WHAT YOU ARE ASKED TO DO:
In the entries that follow, the lines from the line containing "Denoising diffusion probabilistic" up to and including the line containing "藤嵜 犬さんの総格は34画の2点!" must be copied exactly, with pictures omitted.

EXERCISE DATA:
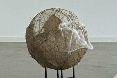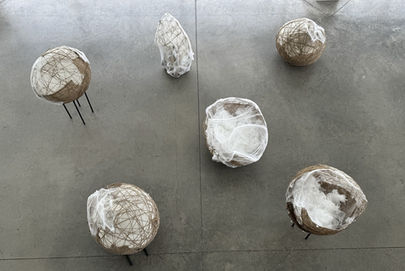 “Origen Asmático” es una instalación escultórica compuesta por una serie de estructuras orgánicas que remiten a nidos, úteros o refugios primarios. Las formas están construidas con materiales naturales como arpillera, alambre vegetal y cuerda y en su interior y en el exterior hay texturas diferentes de algodón. El conjunto sobre el suelo pretende crear una atmósfera ambigua: lo que parece un espacio de protección, un nido, una cuna, al observarse más de cerca puede parecer un capullo, que alberga un contenido potencialmente dañino. Lo que me gustaría es que el espectador viera estas formas y su contenido simbólicamente ligeros y frágiles, pero a la vez alérgicos, tóxicos, irritantes. Puede convertirse en algo letal para quienes padecen alergia ambiental. Los nidos que deberían proteger al ser vivo, se convierten en lugares que lo enferman.
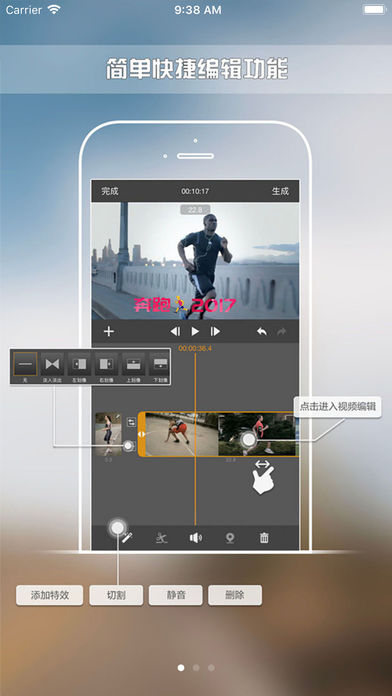專業(yè)級視頻剪輯:提供視頻拍攝、手機(jī)視頻的直接剪輯,支持幀精確的片段Trim修葺、過渡轉(zhuǎn)場,應(yīng)用內(nèi)預(yù)制了數(shù)十種免費(fèi)的實(shí)用風(fēng)格特效與轉(zhuǎn)場動畫。
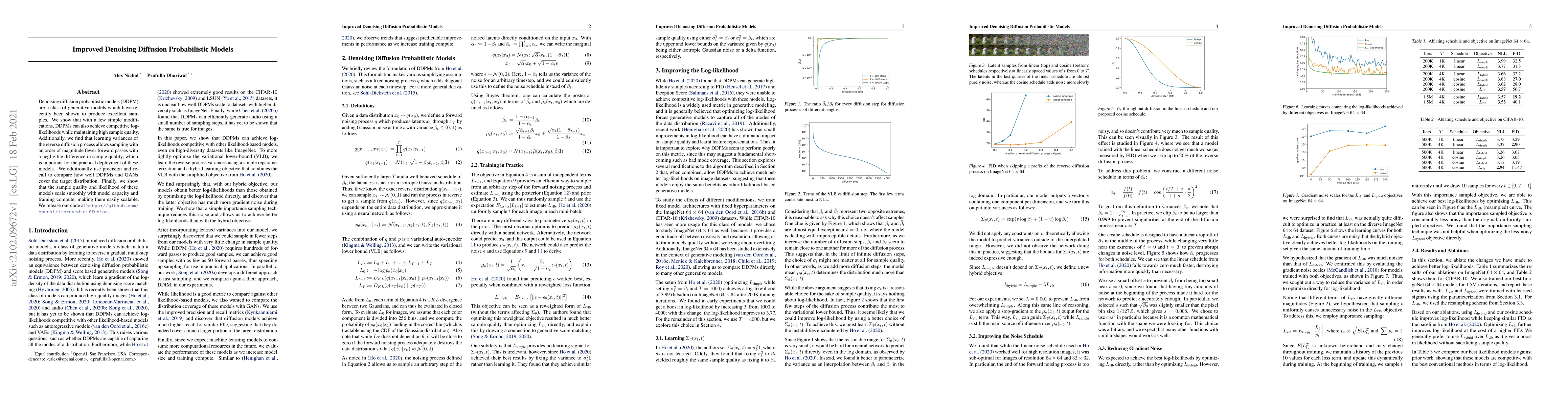 Denoising diffusion probabilistic models (DDPM) are a class of generative models which have recently been shown to produce excellent samples. We show that with a few simple modifications, DDPMs can also achieve competitive log-likelihoods while maintaining high sample quality. Additionally, we find that learning variances of the reverse diffusion process allows sampling with an order of magnitude fewer forward passes with a negligible difference in sample quality, which is important for the practical deployment of these models. We additionally use precision and recall to compare how well DDPMs and GANs cover the target distribution. Finally, we show that the sample quality and likelihood of these models scale smoothly with model capacity and training compute, making them easily scalable. We release our code at https://github.com/openai/improved-diffusion
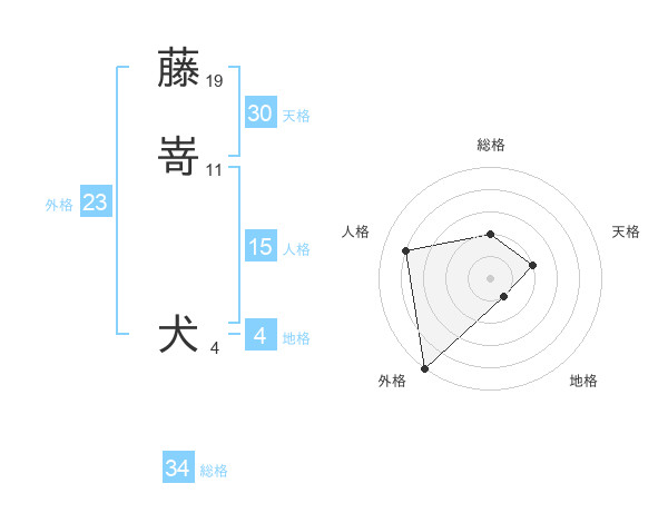 藤嵜 犬さんの総格は34画の2点!
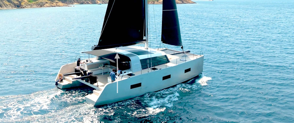 A good rule of thumb is to set your boom position with the traveller based on the apparent wind direction (angle of attack of the wind). Then fine tune the twist in your mainsail with the main sheet according to the conditions. Most catamarans don’t have a vang (some Leopards do). Set your sail position and the shape with the traveller and mainsheet using your telltales.
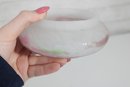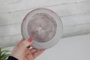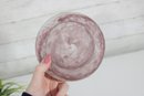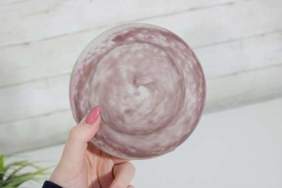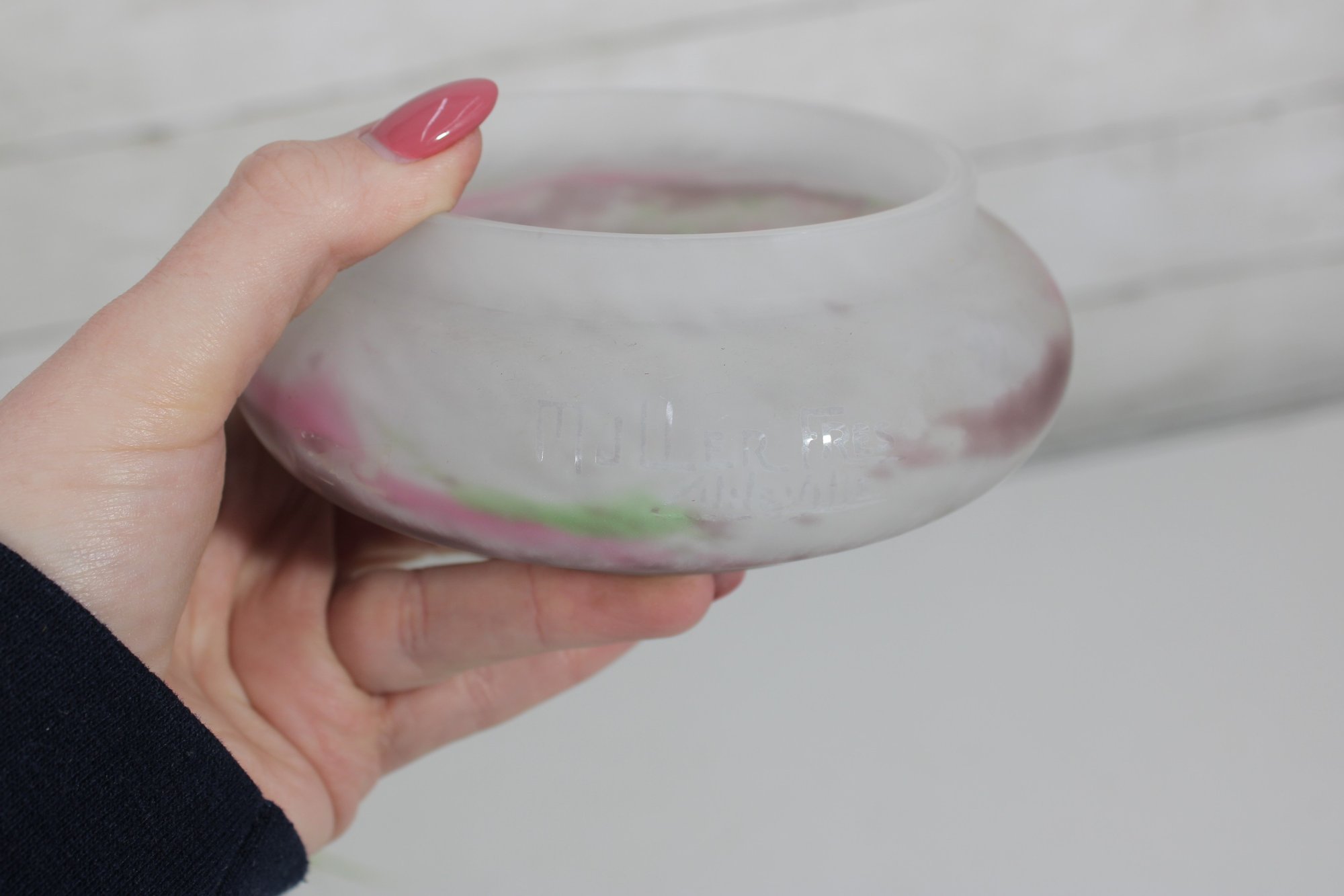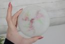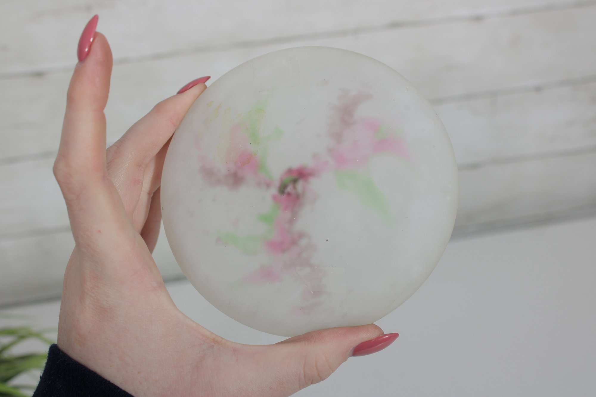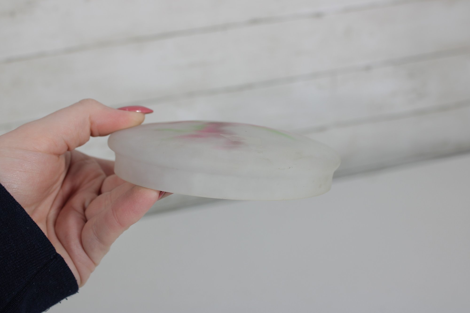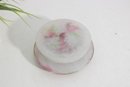 Lovely vintage frosted art glass trinket box featuring a soft, dreamy mottled design in pink and green tones. This elegant piece measures approximately 5 inches in diameter and about 3 inches tall, with a rounded body and matching fitted lid.

FINISHED EXERCISE:
 Denoising diffusion probabilistic models (DDPM) are a class of generative models which have recently been shown to produce excellent samples. We show that with a few simple modifications, DDPMs can also achieve competitive log-likelihoods while maintaining high sample quality. Additionally, we find that learning variances of the reverse diffusion process allows sampling with an order of magnitude fewer forward passes with a negligible difference in sample quality, which is important for the practical deployment of these models. We additionally use precision and recall to compare how well DDPMs and GANs cover the target distribution. Finally, we show that the sample quality and likelihood of these models scale smoothly with model capacity and training compute, making them easily scalable. We release our code at https://github.com/openai/improved-diffusion
 藤嵜 犬さんの総格は34画の2点!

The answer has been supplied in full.